Sur la gestion du changement, des entreprises s’étaient professionnalisées. Avaient intégré des méthodologies, pour que les choses se passent bien. Les nouveaux actionnaires se fichent désormais de tout cela, qui prend du temps. Il faut des décisions rapides, le DG décide. On observe ainsi dans tout un pan du monde du travail une vraie dégradation de la gestion des ressources humaines et la gestion du changement.
Cette dégradation a un coût. Telle filiale ainsi maltraitée d’un grand groupe français a été revendue dernièrement deux ans après avec une décote de 200 millions.
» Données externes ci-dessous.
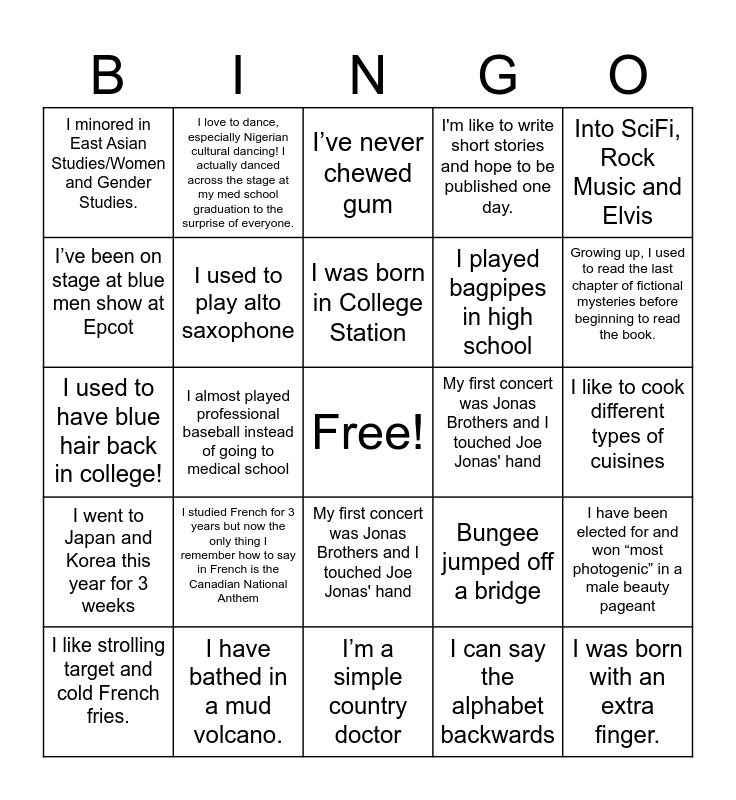 This bingo card has a free space and 44 words: I have someone who looks exactly like me who is also an IM resident., I was born with an extra finger., I earned a black belt in tae kwon do in high school but haven't practiced it since then., I like strolling target and cold French fries., I've lived in 15 different homes., I can say the alphabet backwards, I’ve never chewed gum, I am a PGY 39, Into SciFi, Rock Music and Elvis, I have bathed in a mud volcano., I'm like to write short stories and hope to be published one day., My first concert was Jonas Brothers and I touched Joe Jonas' hand, My first concert was Jonas Brothers and I touched Joe Jonas' hand, I studied French for 3 years but now the only thing I remember how to say in French is the Canadian National Anthem, I'm a twin, I’m a simple country doctor, I have modeled on billboards, magazines, and video recordings representing my institutions, I used to have blue hair back in college!, I like long walks on the beach, Growing up, I used to read the last chapter of fictional mysteries before beginning to read the book., I love to dance, especially Nigerian cultural dancing! I actually danced across the stage at my med school graduation to the surprise of everyone., I lived in Kenya, Africa for a year as a child, I am shy at first but an easy going person., I minored in East Asian Studies/Women and Gender Studies., I have an unhealthy love for all things pretty. Form comes before function, I like to cook different types of cuisines, Otter is my favorite animal, I threw for more yards than Johnny Manziel in 2009 when we were both juniors in high school, Bungee jumped off a bridge, I went to Japan and Korea this year for 3 weeks, Birthday is on St Patrick’s day, I have been elected for and won “most photogenic” in a male beauty pageant, I am the sneaker king, I won a jump roping contest once, I almost played professional baseball instead of going to medical school, I lived in alaska for a year, I play tennis often, I used to have a British accent!, I was born in College Station, I’ve been on stage at blue men show at Epcot, I played bagpipes in high school, The meaning of my name is money tree signifies prosperity and abundance in life., I used to play alto saxophone and I can sing my ABCs backwards!.

Personne n’en sera sanctionné, je pense.
On ne sera pas surpris que cette « ambiance » générale ne favorise pas la qualité du management au quotidien, c’est ce que les jeunes recrues comprennent vite. Le message théorique parle de marque employeur, de potentiel humain. La pratique réelle, c’est souvent une course un peu affolée vers les résultats financiers, avec des managers largement laissés à eux-mêmes.
Il y a une révolution à faire, que certaines entreprises ont faite, alors que d’autres n’y sont pas encore. Elles ont pris du retard, et il est urgent qu’elles bougent. Certaines ont même dégradé leur rapport aux candidats et jeunes salariés, ce qui est fâcheux pour leur attractivité. Mais cette mauvaise image rejaillit aussi sur les grandes entreprises en général. Le coût à terme de cette dégradation pour les entreprises concernées (turnover, postes clé non pourvus), mais aussi pour la société, est très élevé. Il serait temps de réagir, et au-delà des formules faussement consensuelles sur l’attractivité, la marque employeur, etc, de remettre au centre la qualité du management, et le respect des personnes.